Рахимбаев встретил нас на станции. Это был высокий, хорошо сложенный молодой казах. Его широкое, обветренное лицо светилось богатырским здоровьем, кипучей энергией и какой-то неугасимой жизнерадостностью, никогда не покидавшей молодого охотника. Радостно улыбаясь и поблескивая белыми зубами, он долго тряс наши руки, торопливо рассказывая о своих охотах и планах предстоящей поездки за кабанами.

Несмотря на свою молодость Рахимбаев был опытным охотником и замечательным стрелком. Он отлично изучил нравы и привычки диких зверей и пернатой дичи, обитающих в поймах реки Сыр-Дарьи и в южных районах Казахстана. По опыту прошлых лет мы хорошо знали, что охота с Рахимбаевым никогда не бывала плохой. Каждый раз, приезжая в Кзыл-Орду, мы успешно стреляли фазанов, уток, казару, зайцев и болотную дичь.

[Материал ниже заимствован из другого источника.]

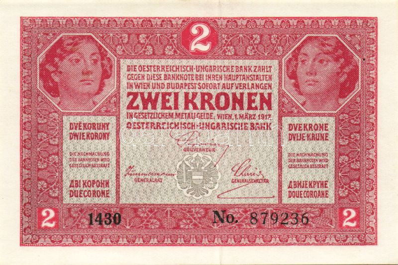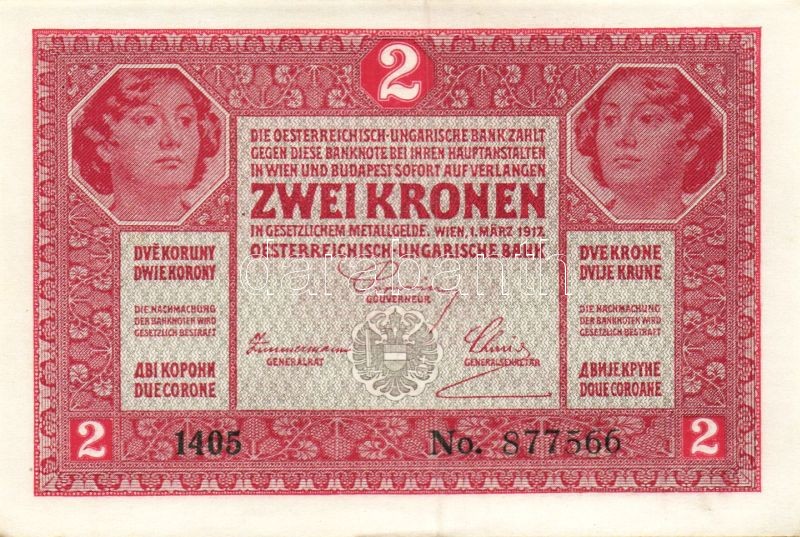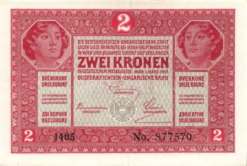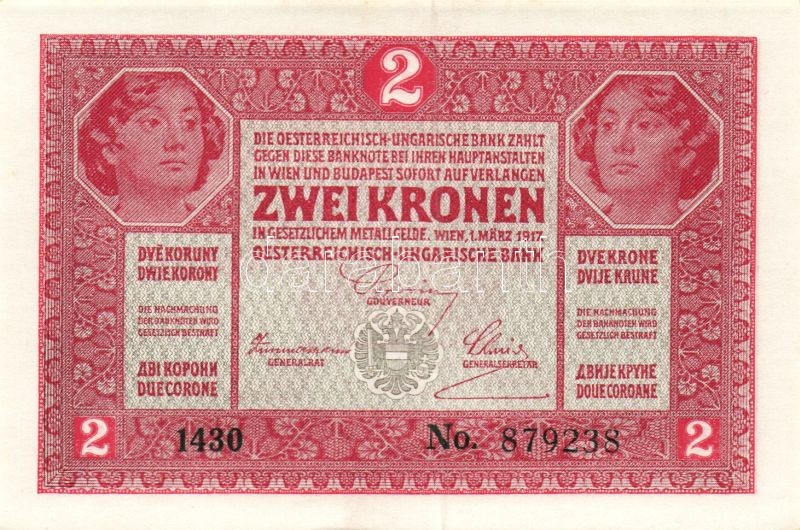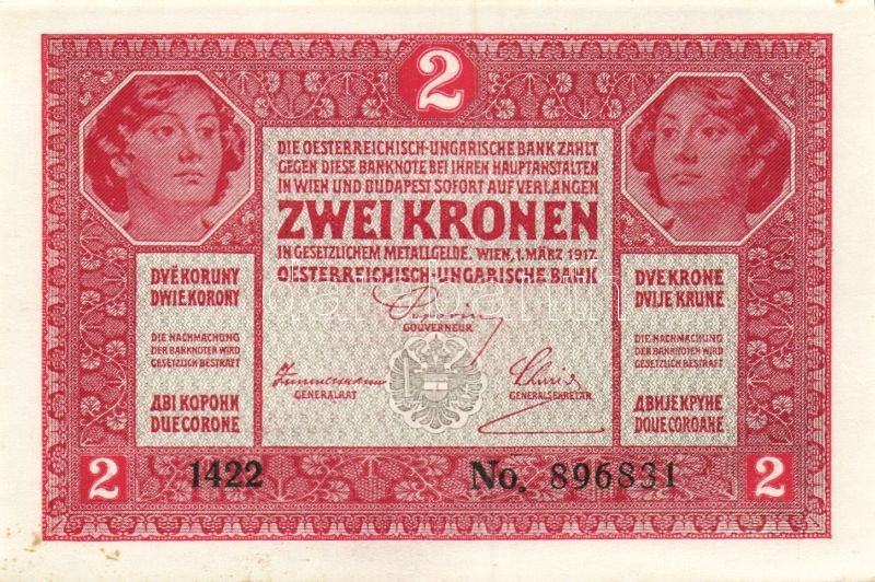 1917. 2K (5x) benne kevés ugrású sorszámok T:I https://www.darabanth.com/de/94-Fernauktion/94.0/Numismatik/~285/1917-2K-5x-benne-keves-ugrasu-sorszamok-TI~II216348

Но на этот раз предстояла совсем иная охота. Нас ожидала стрельба не «мелкой» и относительно доверчивой дичи, а осторожного и весьма опасного зверя — кабана. Меня особенно волновала предстоящая охота, так как на кабана я ехал впервые, и, не плохо зная охоту на медведя и волка, еще ни разу не встречался на «охотничьей тропе» с этим угрюмым представителем камышовых зарослей.

Погода была прекрасной. На безоблачном небе ярко светило осеннее солнце, воздух был чист и прозрачен, а ветерок не колебал еще не опавшие листья деревьев. Несмотря на то, что шел октябрь 1934 года, совсем не чувствовалось окончание лета и скорое приближение зимы.

Семья Рахимбаева гостеприимно встретила нас. На столе появились кипящий и задорно фыркающий самовар, всевозможная снедь и фрукты. Закусывая, мы обсудили план предстоящей охоты.

— Итак, други мои, — говорил Рахимбаев, — сегодня в четыре часа мы садимся на местный поезд и едем до разъезда Н. Это всего три часа езды. От разъезда нам предстоит пройти около двадцати километров до аула, в котором живет мой друг старый Масандыков. Он лучший в округе кабанятник. За свою жизнь старик не один десяток кабанов уложил. На днях я виделся с ним и обо всем договорился. Зверя много, и за лето они немало вреда понаделали для колхоза, совершая набеги на рисовые поля, бахчи и огороды. Масандыков будет нас ждать и все приготовит.

Уже совсем стемнело, когда мы прибыли на разъезд. Предводительствуемые Рахимбаевым, мы зашагали по узкой тропинке вглубь ночи. По-прежнему было тихо и безоблачно. Над нашими головами ярко горели осенние звезды, скупо освещая наш путь; октябрьский воздух окутывал нас бодрящей прохладой.

Временами тропка проходила мимо небольших озерков и стариц, густо заросших камышом. И тогда совсем рядом с нами с воды поднимались стаи всевозможных уток, нарушая шумным взлетом и тревожными криками тишину осенней ночи. Несколько раз, когда тропинка пересекала камышовые заросли, из-под наших ног с треском вырывались фазаны и с громкими криками уносились вдаль.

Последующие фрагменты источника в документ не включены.